I just finished reading Eastern Standard Tribe a novel by Cory Doctorow. It is a science fiction story set in the not too distant future. It is told in first-person from the perspective of Art, a UE (User Experience) consultant who is also a member of a “tribe” of chatters who allie with one another based solely on the timezone they live in. Hence the title Eastern Standard Tribe (EST). The story revolves around the work Art does for a ficitional future version of the Virgin corporation, his involvement with EST, a girl he meets, and an insane asylum in which he ends up.
The novel begins in the middle of the story, with Art explaining his current dilemma. Art is stuck on the roof of an insane asylum in his underwear. He then flashes back to the beginning of the story where Art explains how the whole mess began. After that the novel progresses by moving these two threads forward in alternating chapter. This method works effectively enough, with only the occaisional confusing inter-chatper transition for the reader. It is especially effective because Art is a member of EST; he lives his life on eastern standard time. But Art is physically in England with a day job. He lifestyle demands that he rarely sleep for more than an hour or so and he is living in the kind of blur known only to insomniacs. The back-and-forth flashback story telling puts the reading in touch with the feeling of never ending flow of events that the protagonist must feel.
The story is very entertaining and keeps the reading involved. It has only a few rough spots. The beginning is a bit confusing because it almost reads like commentary by the author. I was sure I reading an introduction to the text for the first 10 minutes, and then realized I was reading the actual first chapter. The end seems to drag out a bit but not painfully so. There also seems to be a missing chapter (how does Art get from the English train station back to North America at the end?).
I found this a bit reminiscent of the work of William Gibson but not overly so. Gibson’s style is more sophisticated. He weaves multiple characters and plots together chapter after chapter. This novel splits one plot into two halfs and weaves them back together and focuses on a single character but the effect on the reader is similar. You get the sense that you are re-meeting the character over and over.
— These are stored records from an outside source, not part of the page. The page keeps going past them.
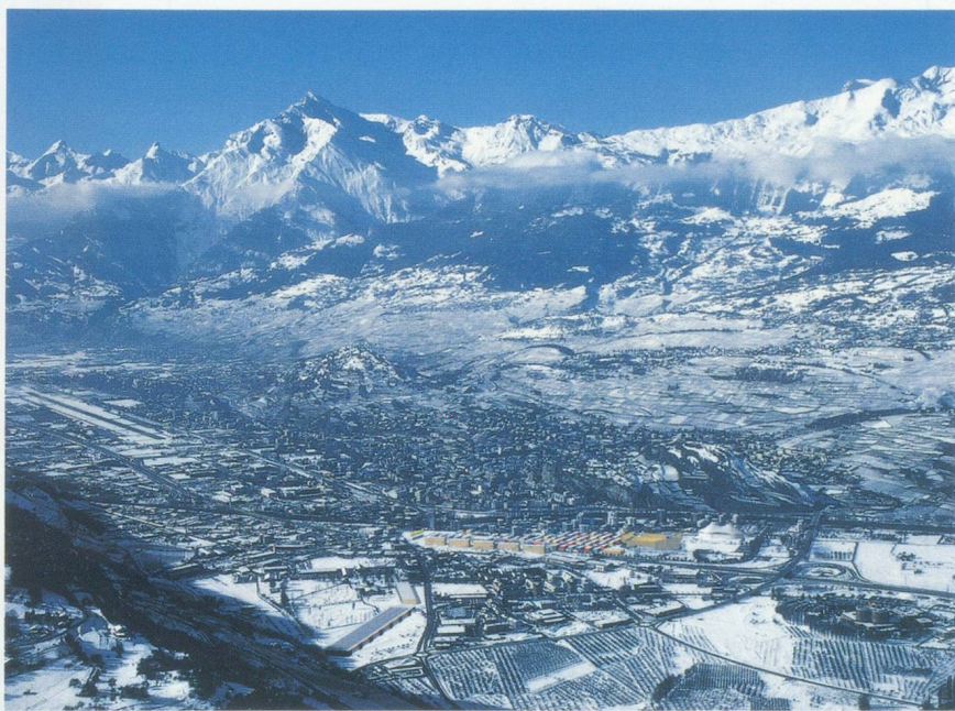
Vue aérienne de Sion en 2006 avec le quartier olympique en images virtuelles : le village, la patinoire, le stade des cérémonies (Tourbillon) et le parc médias.

Certains milieux de la population craignent toutefois qu'après ce feu d'artifice de quinze jours, il faille éliminer des montagnes de déchets et vivre dans un paysage défiguré à jamais par des lignes de béton. Pour qu'il n'en soit pas ainsi, le Comité a précisément chargé une commission de définir une « charte du développement durable » assurant à la région un essor économique, social et culturel qui s'inscrive dans le long terme et ne nuise pas au bien-être des générations futures. Avec son « Livre vert » et son « contrat nature », la candidature de Sion 2002 était déjà à l'avant-garde. Le CIO avait reconnu toute la valeur de sa démarche en faveur d'une organisation des Jeux aussi respectueuse que possible de l'environnement. Et ces efforts ont été aussitôt intégrés au cahier des charges des villes candidates. Le Comité « Sion 2006 » a voulu aller encore plus loin, en décidant de passer tous ses actes et ses réflexions au crible du « développement durable ». En mai 1998 fut donc signée la charte du même nom. Et pour bien montrer qu'il ne se contente pas de clauses de style, le
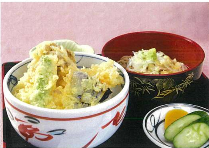
野菜天丼と半そば (温も可) (味噌汁・香の物付)

白、赤味噌に、ニンニク辛味噌をブレンドしたこくのあるスープに 野菜とチャーシューを入れたボリューム満点の一品です。
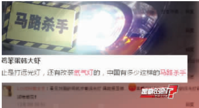
央视进行氙气灯有关调查

开车人滥用远光灯的问题一直被网友诟病,由于乱用远光灯而引发的车祸常有发生。但就在大家纷纷吐槽“曾被远光灯晃眼”的愤怒时,有网友提出,更大的杀手其实是私自改装的氙气灯。在一个汽车论坛的投票调查中,有63%的人都表示曾经有过被氙气灯照得炫目的经历。
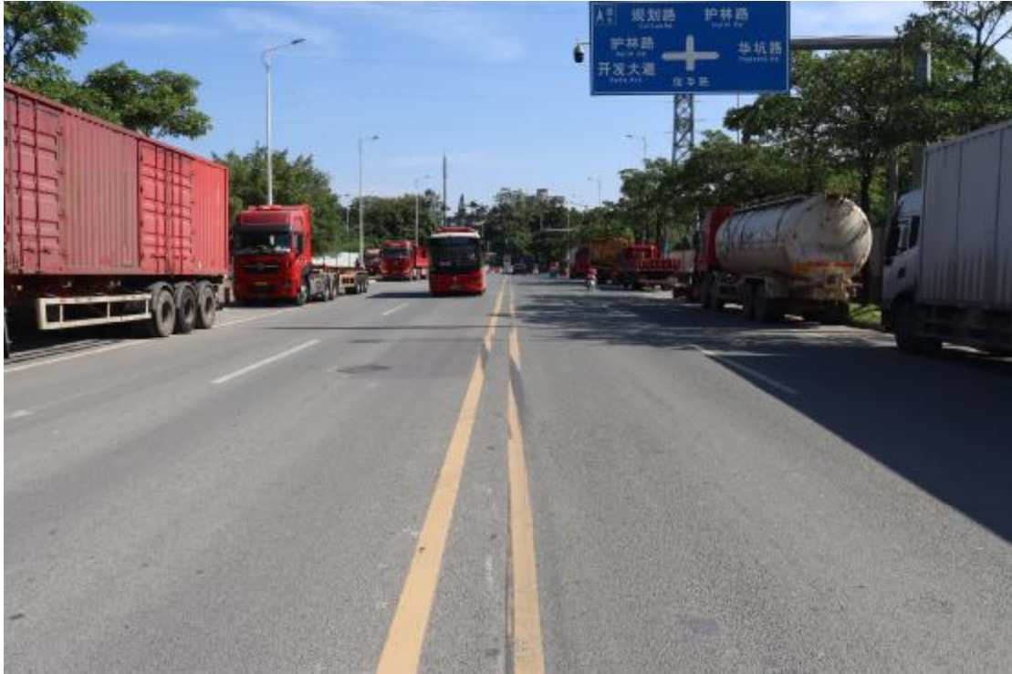
图 20 地块内现状（西南-东北）
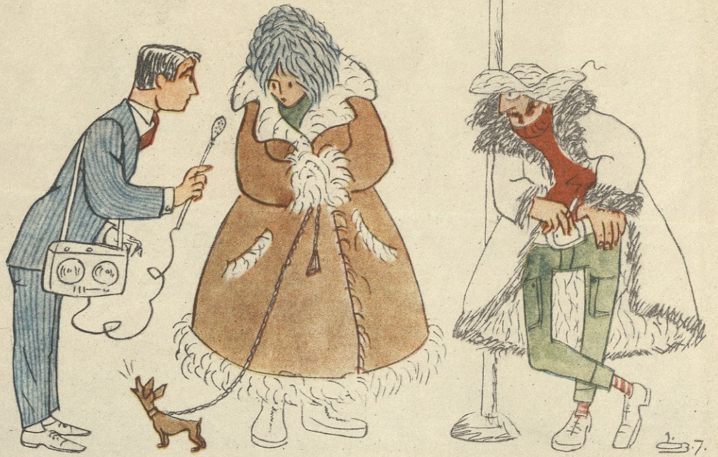
— გთხოვთ, გამცემთ პასუხი ერთ კითხვავზე: როგორ გამოიხატოთ თქვენმა ცხვარმა?
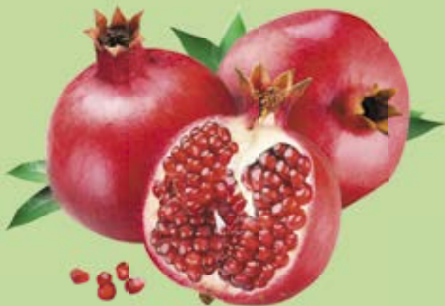
ГРАНАТ, 1 кг
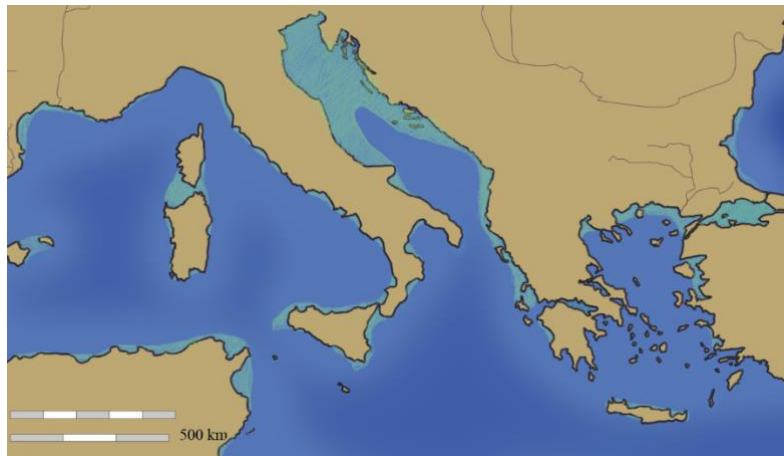
b - projection tirée du projet BD "Quand NOUS serons la Préhistoire"

Another similarity to Gibson’s writing is the character is a lowlife/underworld figure that is still sympathetic partly due to a “super-power.” Art considers himself a double-agent trying to ruin business outside his beloved EST time-zone. He has two super-powers the first of which is his ability to argue and the second is his ability to identify new “user experiences” that can immediately become reality (probably the biggest stretch of science fiction in the entire story).
The novel is unbalanced in the portrayal of both of Art’s most defining qualities. At the beginning Art is a great arguer and set on his double-agent lifestyle. As the novel progresses we lose, in both the past and current threads of the story, the sense that he is good at argueing and that he is determined to sabotage the GMT time-zone. Instead he becomes a savior of the end-user confounded in most argument and reduced to clumsy neurolignuistic programming. This lack of change in character is quite continuous and not at all confusing probably due to the story being told in the two threads (past and current).
Overall this was an enjoyable novel. I take away no profound lessons or insights, but I do wish people would adopt Doctorow’s single word for phone, laptop, computer, email, etc. He calls it simple “comm.” As in, “can I use your comm?” or “did you comm him?”
Eastern Standard Tribe is available from your local public library, bookstores, or for free from Cory Doctorow’s website.